Analysis of tumors after late γδ T cell treatment. Histological analyses of tissue slides from γδ T cell–treated mice frequently showed CD3+ cells that localized to areas of the tumors containing high frequencies of cells expressing the EBV protein EBNA2 (Figure 8A). Interestingly, however, careful inspection of tumor sections often revealed the presence of CD3+ cells in the lumens of blood vessels within the tumors (Figure 8A), suggesting active trafficking of T cells. Flow cytometric analyses of the frequency of γδ T cells found in spleen and tumor tissues from the same mice suggested there was a trend towards increased γδ T cell representation in tumors compared with spleens (Figure 8B). Moreover, using HLA-A2 expression to specifically track the adoptively transferred population, we observed that at 2 days after injection of a mixed population of αβ and γδ T cells (67% γδ, 33% αβ), the transferred γδ T cells appeared significantly more enriched in the tumor tissue than the transferred αβ T cells. In contrast, in the spleen the proportion of adoptively transferred γδ versus αβ T cells was close to that of the initial mixture (Figure 8B).
Recruitment of γδ T cells and analysis of tumor B cells after late time point γδ T cell administration. (A) Light microscopic images (×10 magnification) of IHC of serial sections of tumor tissue from a γδ T cell–treated mouse showing cells expressing the viral protein EBNA2 (left image) or CD3 (right image). T cells are observed within the blood vessel in the middle of the field, as well as infiltrating the surrounding tissue in areas where EBNA2+ cells are localized. (B) Adoptively transferred γδ T cells appear slightly enriched in tumor tissue compared with spleen.
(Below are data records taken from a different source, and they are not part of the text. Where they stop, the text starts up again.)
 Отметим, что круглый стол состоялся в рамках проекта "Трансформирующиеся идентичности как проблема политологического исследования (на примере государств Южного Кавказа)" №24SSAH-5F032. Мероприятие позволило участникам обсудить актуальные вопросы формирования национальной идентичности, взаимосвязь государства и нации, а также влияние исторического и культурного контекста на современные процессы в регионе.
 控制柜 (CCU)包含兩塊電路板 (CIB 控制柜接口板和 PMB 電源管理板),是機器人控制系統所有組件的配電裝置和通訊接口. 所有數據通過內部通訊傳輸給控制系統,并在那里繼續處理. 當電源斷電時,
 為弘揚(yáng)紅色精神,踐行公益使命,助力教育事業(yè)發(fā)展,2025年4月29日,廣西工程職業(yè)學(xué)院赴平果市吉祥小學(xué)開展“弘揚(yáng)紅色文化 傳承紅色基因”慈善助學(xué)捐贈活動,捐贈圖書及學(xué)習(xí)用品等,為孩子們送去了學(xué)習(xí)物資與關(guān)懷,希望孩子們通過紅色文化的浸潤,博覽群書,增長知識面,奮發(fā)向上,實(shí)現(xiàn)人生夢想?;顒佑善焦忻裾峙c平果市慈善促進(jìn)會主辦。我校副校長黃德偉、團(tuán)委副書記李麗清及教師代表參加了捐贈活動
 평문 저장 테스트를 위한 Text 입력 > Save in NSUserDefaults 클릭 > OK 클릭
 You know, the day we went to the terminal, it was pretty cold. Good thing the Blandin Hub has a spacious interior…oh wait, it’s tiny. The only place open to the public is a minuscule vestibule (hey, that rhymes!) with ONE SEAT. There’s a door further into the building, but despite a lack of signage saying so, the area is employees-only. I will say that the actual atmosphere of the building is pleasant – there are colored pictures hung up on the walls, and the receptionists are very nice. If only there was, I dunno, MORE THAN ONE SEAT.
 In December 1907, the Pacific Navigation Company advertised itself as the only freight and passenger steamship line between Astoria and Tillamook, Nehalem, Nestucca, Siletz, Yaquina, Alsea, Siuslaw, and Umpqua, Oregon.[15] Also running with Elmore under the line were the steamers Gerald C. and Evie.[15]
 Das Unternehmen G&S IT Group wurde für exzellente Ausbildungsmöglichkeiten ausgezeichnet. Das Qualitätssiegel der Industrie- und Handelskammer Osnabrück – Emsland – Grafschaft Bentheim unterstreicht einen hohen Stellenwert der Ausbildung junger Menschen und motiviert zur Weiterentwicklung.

Left plot: percentage of human T cells expressing Vδ2 in paired spleen versus tumor tissue samples from independent mice. Tissues were harvested 2 days after administration of γδ T cell immunotherapy. The P value was calculated using a paired, nonparametric t test (Wilcoxon signed-rank test). Right plot: percentage of the adoptively transferred cells in spleen versus tumor expressing a Vγ2Vδ2+ TCR. The dashed line shows the frequency of γδ T cells in the injected population; symbols show mean and standard deviations of 4 replicate analyses each of spleen and tumor tissue. The P value comparing spleen versus tumor frequencies (horizontal line) was calculated using an unpaired parametric t test; the P value comparing tumor mean to the γδ T cell frequency of the injected cells (vertical bar) was calculated using a 1-sample, 2-tailed t test. (C) B cells as a percentage of the total human cells in tumor tissue from a series of mice that were administered γδ T cells (dark triangles) or vehicle (light triangles). Tumors were harvested at the indicated times after adoptive transfer or mock treatment. The P value was calculated using a 2-tailed nonparametric t test (Mann-Whitney analysis). (D) Flow cytometric analysis of PD-L1 and PD-L2 staining on tumor B cells. Filled gray histograms show results from a mouse given vehicle (PBS-tx); black line shows results from a mouse given γδ T cells. tx, transfer.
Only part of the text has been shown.